● **Data**:
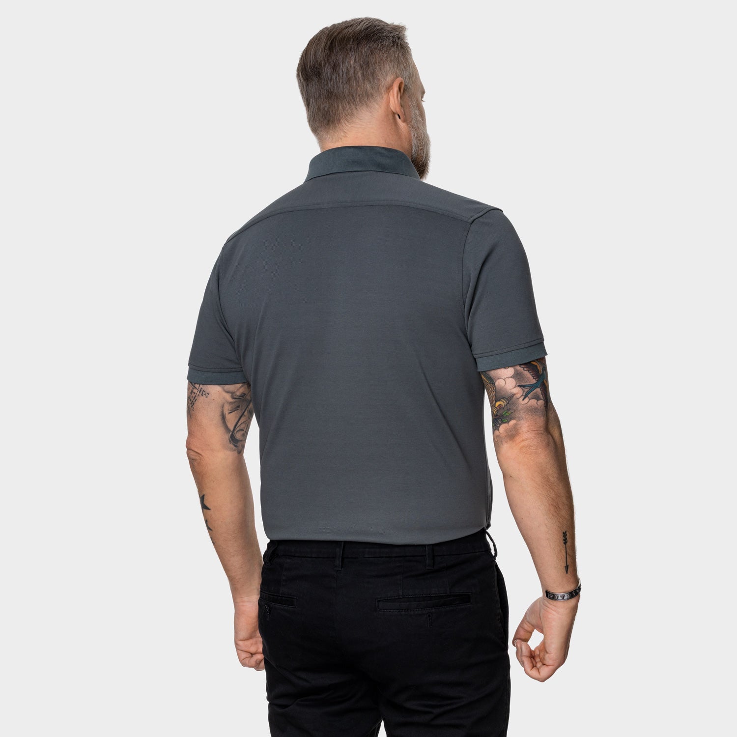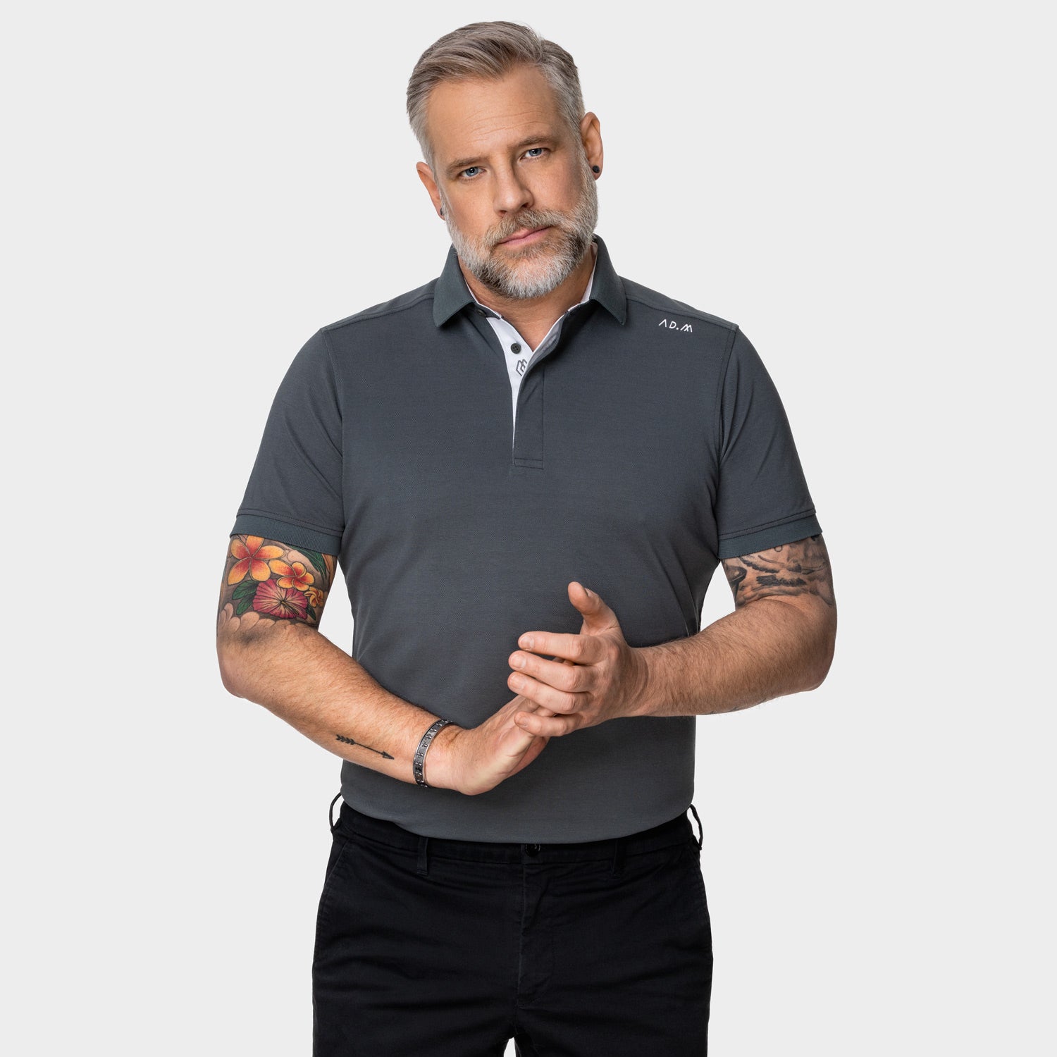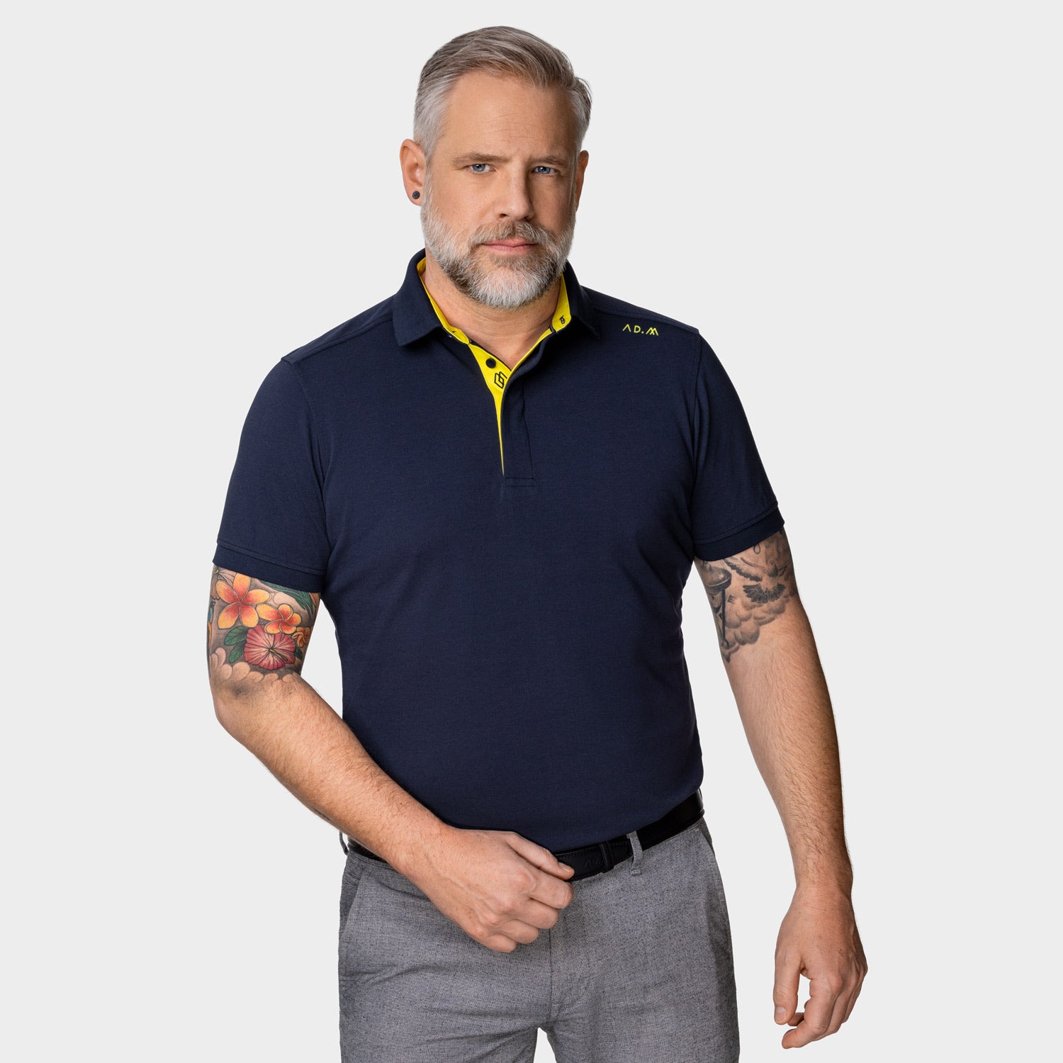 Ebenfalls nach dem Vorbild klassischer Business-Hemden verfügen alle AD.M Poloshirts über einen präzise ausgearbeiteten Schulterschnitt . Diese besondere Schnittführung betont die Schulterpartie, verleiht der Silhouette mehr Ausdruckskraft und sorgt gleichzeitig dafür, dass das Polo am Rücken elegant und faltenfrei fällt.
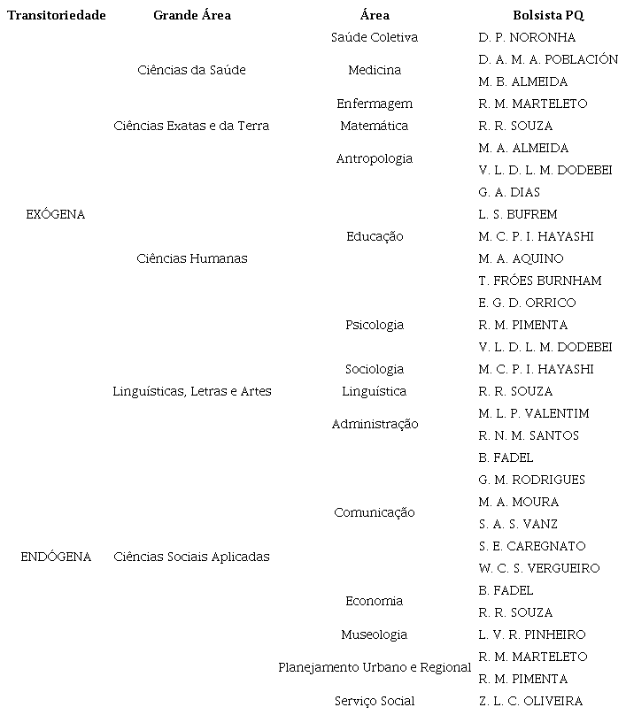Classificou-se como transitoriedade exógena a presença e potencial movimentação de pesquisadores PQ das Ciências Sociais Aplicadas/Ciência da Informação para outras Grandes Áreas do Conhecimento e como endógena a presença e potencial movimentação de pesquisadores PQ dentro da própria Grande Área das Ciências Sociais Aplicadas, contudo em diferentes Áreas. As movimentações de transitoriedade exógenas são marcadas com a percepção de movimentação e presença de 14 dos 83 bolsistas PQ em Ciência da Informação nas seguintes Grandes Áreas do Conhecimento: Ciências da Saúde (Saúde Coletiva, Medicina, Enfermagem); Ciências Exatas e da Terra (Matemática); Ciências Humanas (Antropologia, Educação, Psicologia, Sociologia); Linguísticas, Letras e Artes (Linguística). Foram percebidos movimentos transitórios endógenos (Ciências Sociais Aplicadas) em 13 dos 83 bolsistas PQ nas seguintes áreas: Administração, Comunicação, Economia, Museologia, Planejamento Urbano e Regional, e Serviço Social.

==

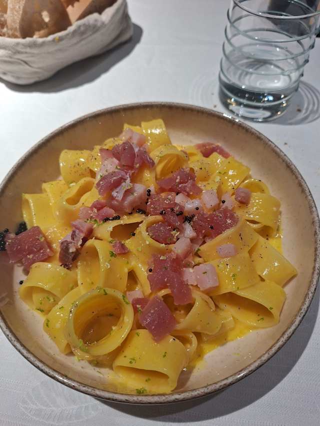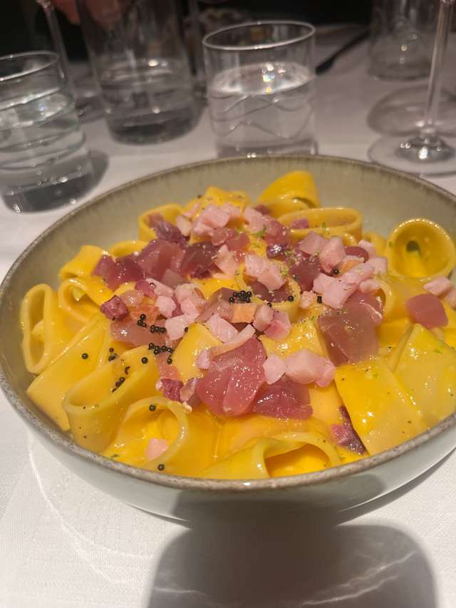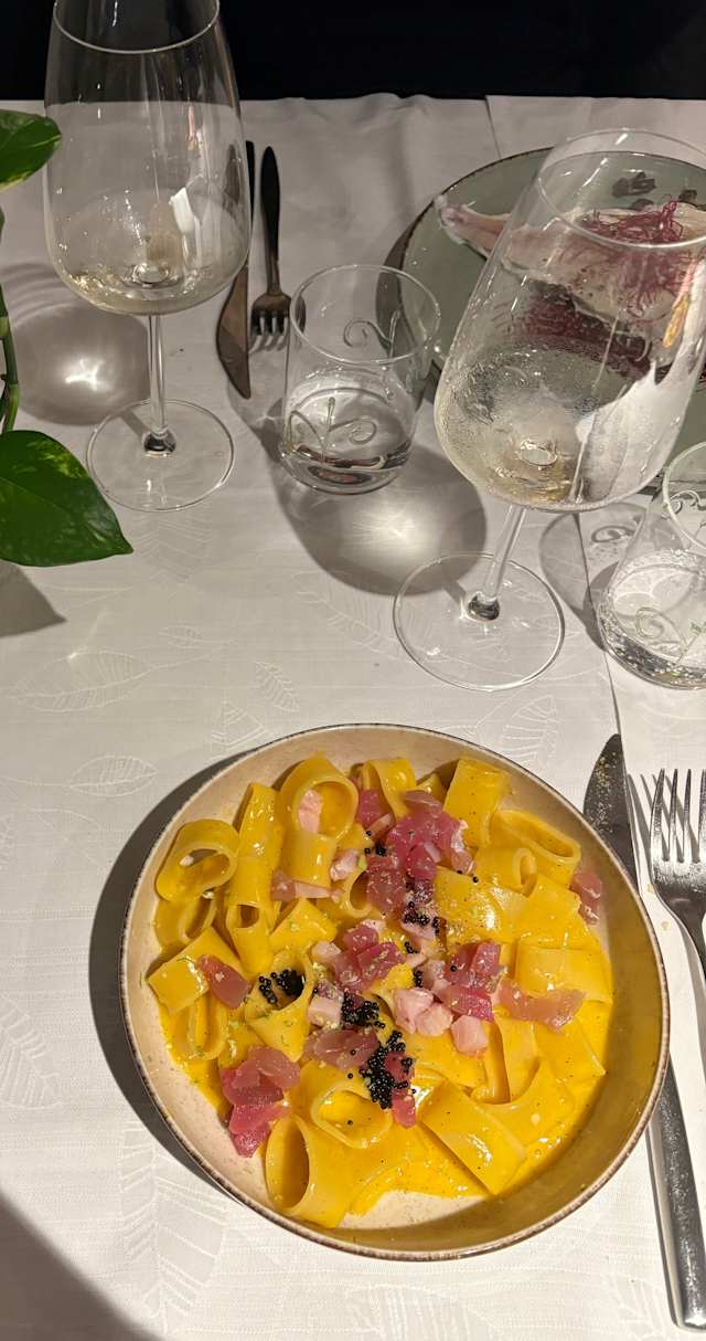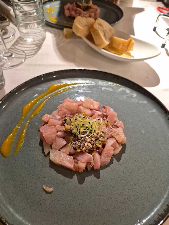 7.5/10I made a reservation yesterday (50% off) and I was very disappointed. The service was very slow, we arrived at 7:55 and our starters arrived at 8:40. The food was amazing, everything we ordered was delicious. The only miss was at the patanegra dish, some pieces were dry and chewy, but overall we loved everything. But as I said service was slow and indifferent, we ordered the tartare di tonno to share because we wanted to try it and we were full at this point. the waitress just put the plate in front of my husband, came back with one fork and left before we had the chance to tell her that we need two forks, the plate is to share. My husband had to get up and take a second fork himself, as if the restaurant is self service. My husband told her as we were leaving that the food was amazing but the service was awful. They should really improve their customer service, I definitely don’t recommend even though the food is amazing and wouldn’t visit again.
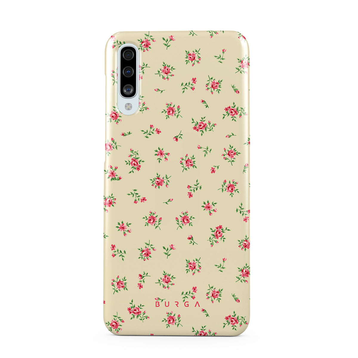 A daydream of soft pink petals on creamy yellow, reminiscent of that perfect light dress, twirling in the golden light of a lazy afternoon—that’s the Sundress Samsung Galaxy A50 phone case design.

...

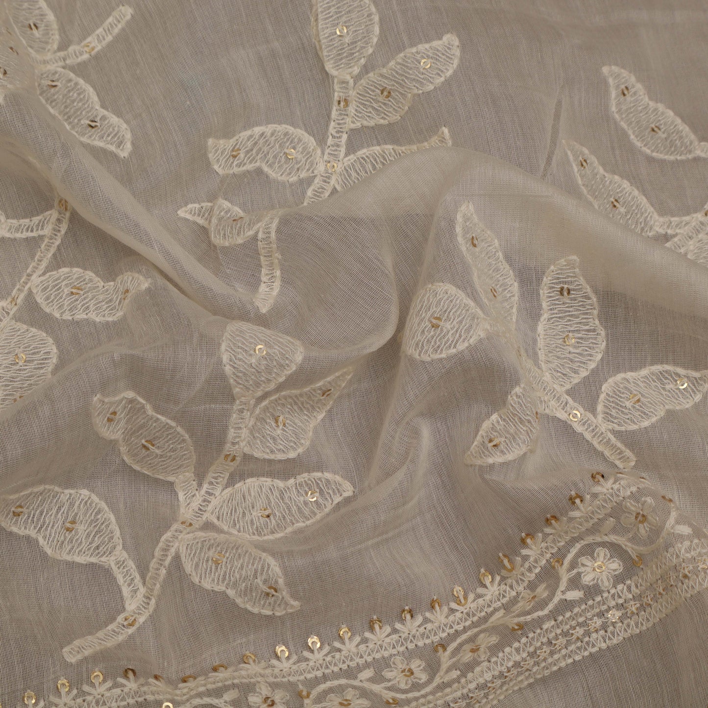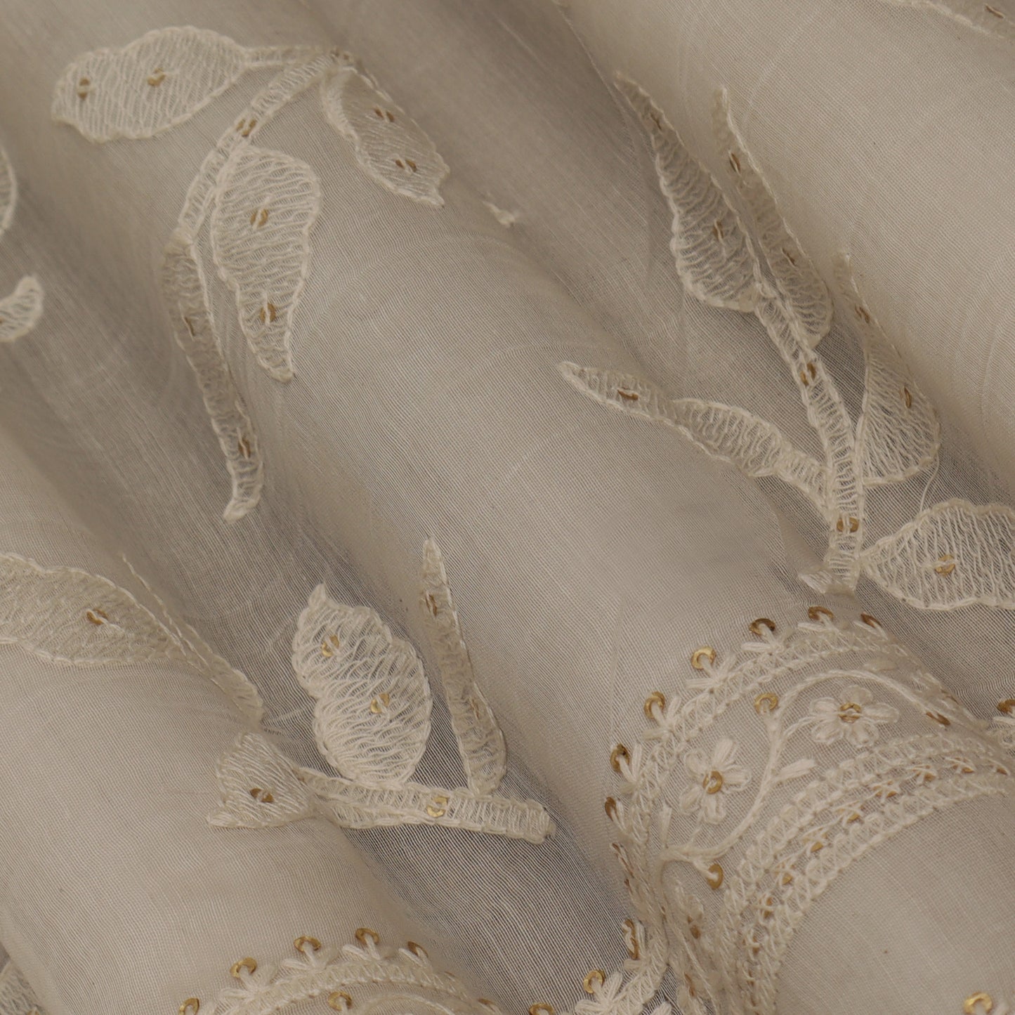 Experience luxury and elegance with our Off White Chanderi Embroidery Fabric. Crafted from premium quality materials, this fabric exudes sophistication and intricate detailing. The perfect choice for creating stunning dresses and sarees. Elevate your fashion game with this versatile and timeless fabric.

● **Exercise directions**: From the data above, return only the lines starting at the line that holds "Ebenfalls nach dem" and ending at the line that holds "Classificou-se como transitoriedade", word for word and without pictures.

● **Your solution**:
 Ebenfalls nach dem Vorbild klassischer Business-Hemden verfügen alle AD.M Poloshirts über einen präzise ausgearbeiteten Schulterschnitt . Diese besondere Schnittführung betont die Schulterpartie, verleiht der Silhouette mehr Ausdruckskraft und sorgt gleichzeitig dafür, dass das Polo am Rücken elegant und faltenfrei fällt.
Classificou-se como transitoriedade exógena a presença e potencial movimentação de pesquisadores PQ das Ciências Sociais Aplicadas/Ciência da Informação para outras Grandes Áreas do Conhecimento e como endógena a presença e potencial movimentação de pesquisadores PQ dentro da própria Grande Área das Ciências Sociais Aplicadas, contudo em diferentes Áreas. As movimentações de transitoriedade exógenas são marcadas com a percepção de movimentação e presença de 14 dos 83 bolsistas PQ em Ciência da Informação nas seguintes Grandes Áreas do Conhecimento: Ciências da Saúde (Saúde Coletiva, Medicina, Enfermagem); Ciências Exatas e da Terra (Matemática); Ciências Humanas (Antropologia, Educação, Psicologia, Sociologia); Linguísticas, Letras e Artes (Linguística). Foram percebidos movimentos transitórios endógenos (Ciências Sociais Aplicadas) em 13 dos 83 bolsistas PQ nas seguintes áreas: Administração, Comunicação, Economia, Museologia, Planejamento Urbano e Regional, e Serviço Social.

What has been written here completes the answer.